They did understand statistics. I am not saying their math was wrong. But they did not understand evidence, did not understand relevance, did not understand relevance drift (or, as I prefer to call it, relevance evolution), and did not understand efficient legal practice. Many I have talked to did not have any real understanding of how lawyers worked at all, much less document review. Most were scientists or statisticians. They meant well, but they did harm nonetheless. These scientists did not have any legal training. If they were any experienced lawyers on the version 1.0 and 2.0 software development teams, they were not heard, or had never really practiced law. (As a customer, I know I was brushed off.) Things have gotten much better in this regard since 2011, but still, many vendors have not gotten the message. They still manufacture version 1.0 and 2.0 type predictive coding software.
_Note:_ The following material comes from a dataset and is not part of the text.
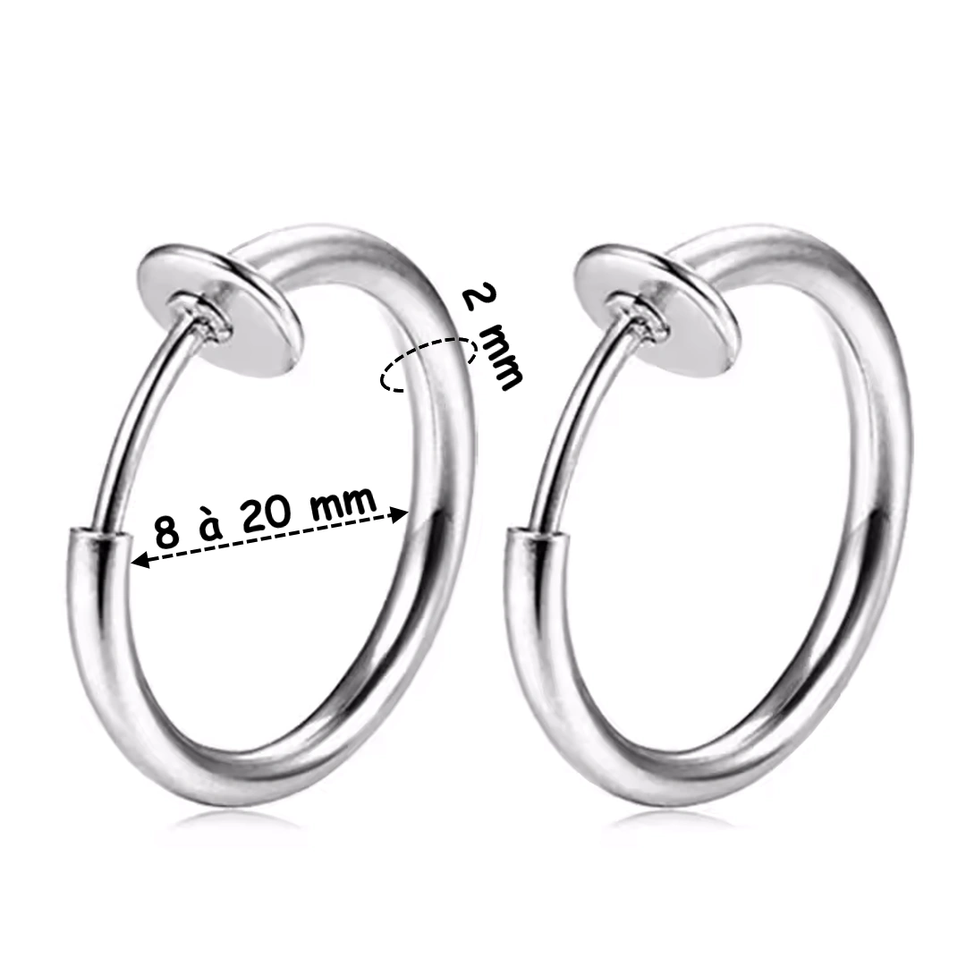 Faux piercing ou boucle d’oreille créole à ressort en acier 316L. Épaisseur 2 mm, diamètre interne 8 à 20 mm. Finition poli ou noir PVD avec pastille confort. Vendu par paire.

The theory behind their use of secret control proponents is that the initial relevance coding of these documents is correct, immutable and complete; that it should be used to objectively judge the rest of the coding in the project. In practice many documents determined to be relevant or irrelevant at the beginning of a project may be considered the reverse by the end. The target shifts. The understanding of relevance evolves. That is not because of a bad luck or a weak SME (a subject discussed later in the Course), but because of the natural progression of the understanding of the probative value of various types of documents over the course of a review.

The ground truth at the beginning of a search project is quick sand. The understanding of relevance almost always evolves as the search progresses. The main problem with the use of the control set in legal search is that the SMEs never know the full truth of document responsiveness at the beginning of a project. This is something that evolves over time in all but the simplest projects. The understanding of relevance changes over time; it changes as particular documents are examined. The control set fails and creates false results because “the human-selected ground truth set and used as a benchmark for further statistical measurements” is never correct, especially at the beginning of a large review project. Only at the end of a project are we in a position to determine a “ground truth” and “benchmark” for statistical measurements.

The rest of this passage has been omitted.